*** Working data ***

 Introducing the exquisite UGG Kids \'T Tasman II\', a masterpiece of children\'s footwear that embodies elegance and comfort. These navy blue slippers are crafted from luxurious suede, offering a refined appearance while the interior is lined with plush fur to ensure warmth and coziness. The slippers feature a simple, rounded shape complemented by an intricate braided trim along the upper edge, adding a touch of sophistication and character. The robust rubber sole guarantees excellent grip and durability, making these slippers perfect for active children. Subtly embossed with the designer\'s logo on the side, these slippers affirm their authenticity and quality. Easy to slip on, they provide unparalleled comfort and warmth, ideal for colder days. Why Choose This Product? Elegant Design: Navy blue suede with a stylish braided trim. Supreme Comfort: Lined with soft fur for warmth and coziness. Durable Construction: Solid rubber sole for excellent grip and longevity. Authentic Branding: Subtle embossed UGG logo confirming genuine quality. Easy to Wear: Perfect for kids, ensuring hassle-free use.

*** End of Working data ***
*** Working data ***

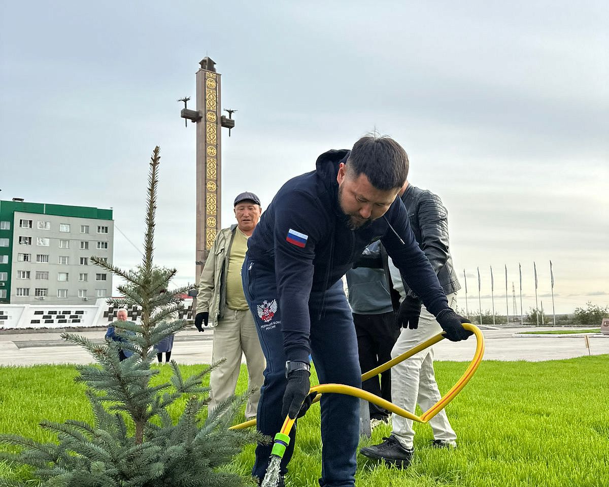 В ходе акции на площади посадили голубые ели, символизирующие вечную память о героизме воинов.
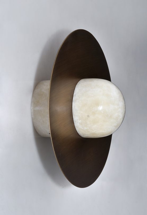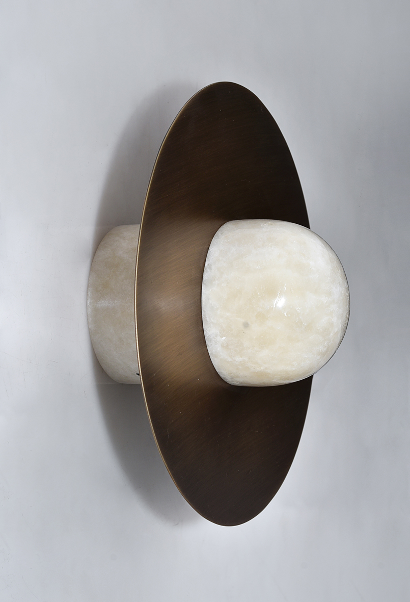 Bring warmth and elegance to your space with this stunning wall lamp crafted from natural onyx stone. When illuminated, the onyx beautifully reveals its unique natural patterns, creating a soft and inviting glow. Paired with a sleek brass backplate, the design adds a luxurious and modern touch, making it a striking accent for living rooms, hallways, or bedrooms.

*** End of Working data ***

Exactly as written above, retype the lines starting at the one holding "В ходе акции" and ending at the one holding "Bring warmth and", both included, but not the pictures.

 В ходе акции на площади посадили голубые ели, символизирующие вечную память о героизме воинов.
 Bring warmth and elegance to your space with this stunning wall lamp crafted from natural onyx stone. When illuminated, the onyx beautifully reveals its unique natural patterns, creating a soft and inviting glow. Paired with a sleek brass backplate, the design adds a luxurious and modern touch, making it a striking accent for living rooms, hallways, or bedrooms.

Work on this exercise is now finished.